Hier zum Verständnis : Für mich wäre etwas sehr geeignet, dass einen festen Datenbereich aus der SPS abholen (oder dahin übertragen) kann und mir hinterher sagt : "Das habe ich gemacht !".

Gruß
LL


----------



## FKJ (6 Dezember 2009)

Hallo 

Hast Du dir das mal angeschaut ?

VisiWinNET® Visualisierung ist von www.inosoft.com wird auch von lenze vertrieben.


----------



## argv_user (6 Dezember 2009)

Falls Linux als Trägersystem in Frage kommt, dann schau mal hier rein:

http://sites.inka.de/heisch/

In Kombination mit XForms als Visu in punkto Zuverlässigkeit ein absolutes Highlight.

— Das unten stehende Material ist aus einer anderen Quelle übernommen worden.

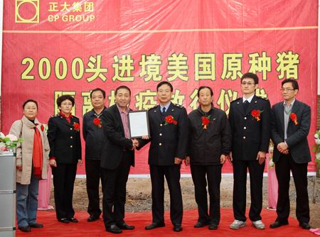 放行儀式上,陜西出入境檢驗(yàn)檢疫局代表做了檢疫放行報(bào)告:“經(jīng)過3個多月的隔離檢驗(yàn),正大集團(tuán)農(nóng)牧食品企業(yè)(中國區(qū))引進(jìn)的2000頭原種豬完全符合安全檢疫標(biāo)準(zhǔn),準(zhǔn)予放行。”陜西出入境檢驗(yàn)檢疫局代表為正大集團(tuán)陜西區(qū)陳強(qiáng)總裁頒發(fā)了《種豬檢疫合格證書》。

Leider nicht für Windows...


----------



## Question_mark (6 Dezember 2009)

*Visu selbst erstellen oder von der Stange ...*

Hallo,



			
				Larry Laffer schrieb:
			
		

> In meinen Visu's (i.d.R. PC-Runtime's) ist es so, dass der Anteil an Scripten mehr und mehr zunimmt und die Visu mir u.A. die Möglichkeit, einzelne Objekte zu erstellen, nicht gibt (ob es das je einmal geben wird ?). Hinzu kommt, dass ich viele Features (u.A. im Bereich der Daten-Übergabe PC - SPS aber auch Kurvendarstellung) absolut vermisse.
> So kommt man dann so langsam dahin, sich intensiver mit dem Gedanken zu beschäftigen, eine eigene Visu zu erstellen (z.B. Visual Studio). Das ist natürlich nicht etwas, das bei mir auf Punkt 1 der Tagesordnung steht - es rückt als Gedanke / Idee aber immer weiter nach vorne ...



Das Problem der o.a. Unzulänglichkeiten und mangelnder Flexibilität in Visus wie WinCC, WinCCFlex und anderen Herstellern habe ich hier im Forum oft bemängelt. Das soll nicht heissen, dass ich diese Visus nicht einsetze. Solange es sich nur um Standardfunktionen (Daten E/A, Störmeldungen, Kurvendarstellung etc.) handelt, verwende ich meist WinCC o.ä. Diese fertigen Visus haben den Vorteil der einfachen Anbindung an die Prozeßdaten (da schon in der Visu enthalten). Nachteil ist eben die Unflexibilität, sobald die Grenzen der Möglichkeiten einer Standard-Visu erreicht werden. Man muss dann auf die Krücke der Scripte zurückgreifen. Und da stösst man ab einer bestimmten Anzahl laufender Scripte ganz schnell an die Grenzen der Visu ...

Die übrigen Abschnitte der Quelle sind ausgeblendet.